Appellate Division of the Supreme Court of New York, First Department
Dec 7, 1934
242 App. Div. 516 (N.Y. App. Div. 1934)


December 7, 1934.

Appeal from Court of General Sessions of the County of New York.

Abraham Abramowitz, for the appellant Harold Robins.

Louis Glickhouse, for the appellant Andrea Gras.

Vincent A. Catoggio, Jr., Deputy Assistant District Attorney, of counsel [ William Copeland Dodge, District Attorney], for the respondent.

During the strike of the Amalgamated Food Workers Union, the complainant Bonnofoux was assaulted by five men near his home on West Thirteenth street in the city of New York. The assault took place on February 15, 1934, at six A.M. As a result he suffered a temporary collapse and subsequently lost an eye. Bonnofoux is sixty-eight years old and was a non-union baker, working in the Downtown Athletic Club. After the assault he told detectives that on the night of Monday, the twelfth of February, two men had called on him and had requested him to go to union headquarters. Bonnofoux said he had refused. Bonnofoux also said that he recognized two of the men who assaulted him as the men who had visited him on the night of the twelfth. He finally identified the defendants Robins and Gras as the men who had called upon him. He had some difficulty in identifying Gras, though Gras had worked in the same kitchen with him for six months. Bonnofoux was the only witness who claimed to identify the defendants.

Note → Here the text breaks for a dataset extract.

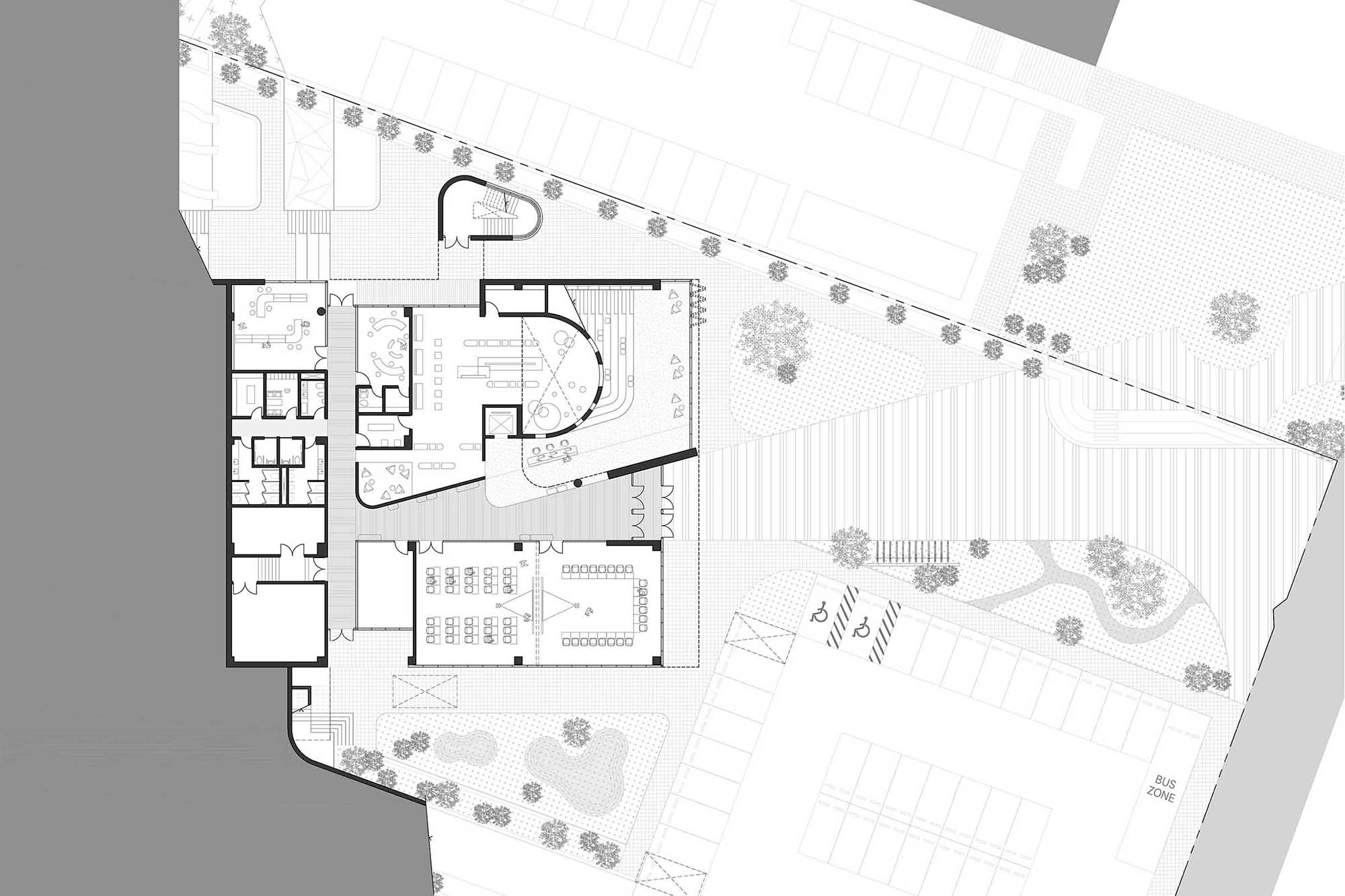 넓은 지상주차장과 야외공연장을 확보하는 동시에 원활한 서비스 동선과 의미 있는 외부공간을 만들기 위해, 건물을 도로와 대지 경계에 평행하게 두지 않고 사각형 매스의 축을 비틀어 배치했다. 이로써 전면광장·놀이터·마당은 주차장 축에서 벗어난 독립적인 외부 무대로 구성되고, 북·서측의 자연 경사는 야외공연장의 객석과 경사놀이터로 흡수된다. 또한 남측에는 사무실과 프로그램실, 외부마당을 두어 채광과 개방감에 유리한 조건을 확보한다.

The defenses were alibis. Gras says that on the morning of the assault he slept until eleven A.M. A witness named LeRoy testified that he went to Gras' house to get him up that day. Robins also claimed that he did not arise on the morning of the assault until eleven o'clock and had not previously gone out of the house at any time. The witness Friedman testified that he slept in the same room with Robins on the night of the fourteenth and that Robins was still there when he left for work at about eight-fifteen A.M.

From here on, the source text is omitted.